Recombinant Salmonella paratyphi A Probable oxaloacetate decarboxylase gamma chain 1 (oadG1)

What is oadG1 and what is its importance in Salmonella Paratyphi A research?

OadG1 (Probable oxaloacetate decarboxylase gamma chain 1) is a small protein consisting of 79 amino acids with the sequence MNEAVLLGEGFTLMFLGMGFVLSFLFLLIFAIRGMSAVITRFFPEPVAAPAPRAVPVVDDFTRLKPVIAAAIHHHRLNA . It is part of the oxaloacetate decarboxylase complex, which plays a crucial role in the anaerobic energy metabolism of Salmonella. The protein is significant in research as it represents a potential target for antimicrobial development and helps in understanding the metabolic adaptations of Salmonella Paratyphi A during host infection.

How is the Salmonella Paratyphi A strain typically characterized in laboratory settings?

Salmonella Paratyphi A is characterized through both biotyping and serotyping methods. Biotyping involves biochemical tests that show specific patterns: Lactose negative, Catalase positive, Oxidase negative, Indole negative, Methyl Red positive, Vogus Proskaur negative, Citrate negative, Urease negative, Triple Sugar Iron showing K/A glucose acid with gas, Nitrate reductase positive, and Lysine negative .

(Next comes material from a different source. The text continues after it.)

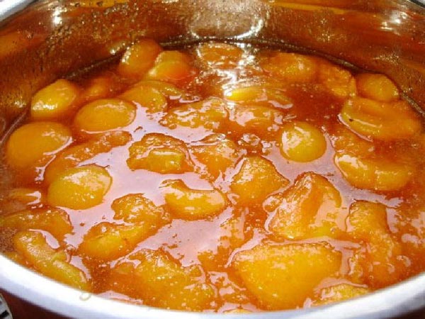 Après avoir fait bouillir la masse, la température est abaissée à 100 ° C, cuite pendant 3 heures. Le résultat sera une confiture de miel doré au goût original et à l'arôme délicat avec une note d'agrumes.

Serotyping is performed according to the Kauffmann-White scheme, based on somatic O and phase 1/2 flagellar antigens using agglutination tests. Salmonella Paratyphi A is assigned the antigenic formula I 2,12:a:1, distinguishing it from Salmonella Typhi which has the formula I 9,12[Vi]:d:_ .

What are the optimal growth conditions for cultivating Salmonella Paratyphi A for protein extraction?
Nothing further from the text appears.